My crystal ball is cloudy on must days. The essence of good financial planning will come with a robust portfolio that maximizes your potential. It’s not about trying to time and beat markets. It’s hard, I’ve spent most of my life trying with varying degrees of success. There have been a few years where I’ve literally be number one. Winning awards for being the best, but there are far more years where I’m somewhere in the pack with everyone else. It’s about getting the outcome that helps achieve your long-term goals that matter most. In recent years I’ve talked about alternatives like private credit and private equity that have their own challenges to be sure.

The smartest asset allocators in the world (think sovereign wealth funds and pensions plans), use another asset class called uncorrelated. Several very smart people have written extensively on the subject. One of them is Ray Dalio at Bridgewater another of my top thinkers include Cliff Asness of AQR fame.

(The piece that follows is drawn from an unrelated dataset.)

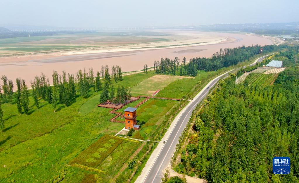 這是2022年8月10日在河南省三門峽市拍攝的黃河生態廊道(無人機照片)。(新華社記者 郝源 攝)
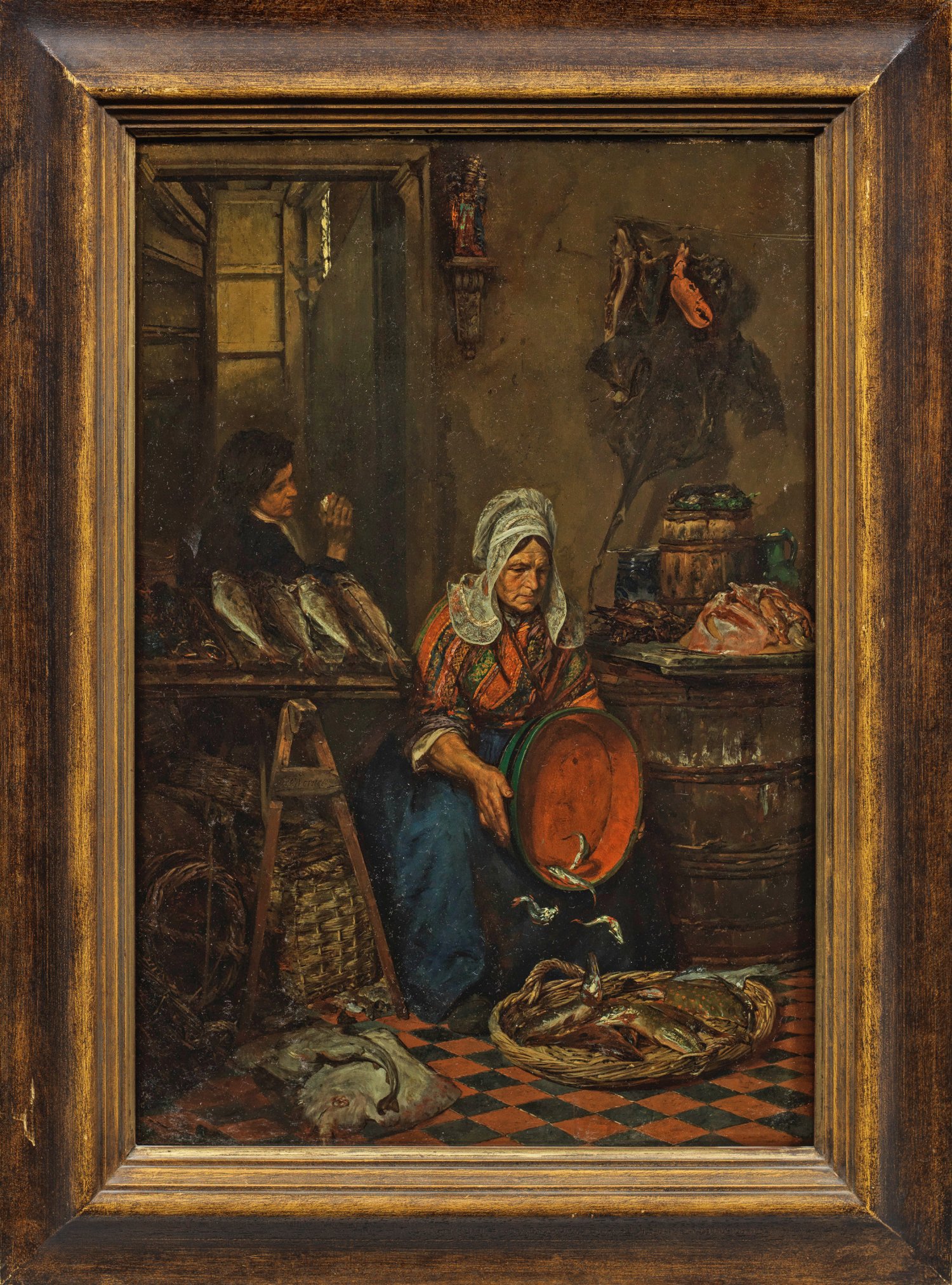 Oil on mahogany panel. Signed.

Harry Markowitz in his Nobel Prize winning work from the 1950s provided the statistical underpinning for diversification in portfolio construction, but Ray Dalio took the idea one step further, emphasizing the value of specifically seeking uncorrelated return streams. He famously refers to this approach as the “holy grail” of investing, suggesting that if you can find 15 or more good uncorrelated strategies, your total portfolio risk can drop dramatically without cutting your overall return potential.

  1. Identifying or designing multiple uncorrelated strategies (e.g., strategies that focus on different sectors, market movements, or time frames).
  2. Ensuring each strategy has a positive expected return; that is, it tends to make more money than it loses over the long run.
  3. Combining these strategies in proportions that align with your risk tolerance and financial goals.
AQR with ETFs AQR compared with ETFs over the years.

QAI is an ETF of ETFs strategy that wraps other asset class ETFs to help achieve what Dalio and others talk about when building portfolios. Trying to achieve a higher average return with less risk. AQR is a strategy that is not available in an ETF. It’s expensive as a two per cent management fee and 20 per cent performance fee, but it has delivered equity like returns with significantly less risk. They do it by combining assets returns that are uncorrelated. The QAI ETF is trying to replicate the idea of good portfolio construction.